Reconfigurable computing refers to systems incorporating some form of hardware programmability–customizing how the hardware is used using a number of physical control points [2]. These control points can then be changed periodically in order to execute different applications using the same hardware. Reconfigurable hardware offers a good balance between implementation efficiency and flexibility as shown in Figure 1-1. This is because reconfigurable hardware combines post-fabrication programmability with the spatial (parallel) computation style [2] of application specific integrated circuits (ASICs), which is more efficient in comparison to the temporal (sequential) computation style of instruction set processors.

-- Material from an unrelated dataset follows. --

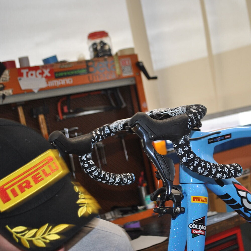 First of all, you need to check that there is no air inside the system: the symptoms of the presence of air are a very long travel time on the lever, a continually changing braking bite point, lack of braking entirely, or movement of only one of the pistons located in the calliper. “In the event that air is present, you need to bleed the whole system, but it is better to get a mechanic to do it”, suggests the expert from the Colpack Ballan team, as in the case of the housings and brake cables for rim brakes. The reason? “Because every system has its dedicated bleed kit and also the brake fluid inside is specific to each manufacturer”. However, you can still try what Stefano calls “a half bleed”, that is to say getting rid of the air and replacing it with brake fluid, by acting on the lever with a small glass, but being particularly careful not to let any brake fluid fall on the pads: “they are like sponges; they soak it up and are ruined”.

Due to the increasing flexibility requirements (e.g. for adaptation to different evolving standards and operating conditions) that are imposed by computationally intensive applications such as wireless communications, devices need to be highly adaptable to the running applications. On the other hand, efficient realizations of such applications are required, especially in the resources they use during deployment, where power consumption must be traded against perceived quality of the application. The contradictory requirements for flexibility and implementation efficiency cannot be satisfied by conventional instruction set processors and ASICs. Reconfigurable hardware forms an interesting implementation option in such cases.



Figure 1-1. Positioning of reconfigurable hardware

There are also other reasons why to use reconfigurable resources in system-on-chip (SoC) design. The increasing non-recurring engineering (NRE) costs push designers to use same SoC in several applications and products for achieving low cost per chip. The presence of reconfigurable resources allows the fine tuning of the chip for different products or product variations. Also, the increasing complexity in the future designs adds the possibility of including design flows, which can require costly and slow redesign of the chip. Reconfigurable elements are often homogenous arrays, which can be pre-verified to minimize the possibility of having design errors. Also the post-manufacturing programmability allows correction or circumvention of problems later than with fixed hardware.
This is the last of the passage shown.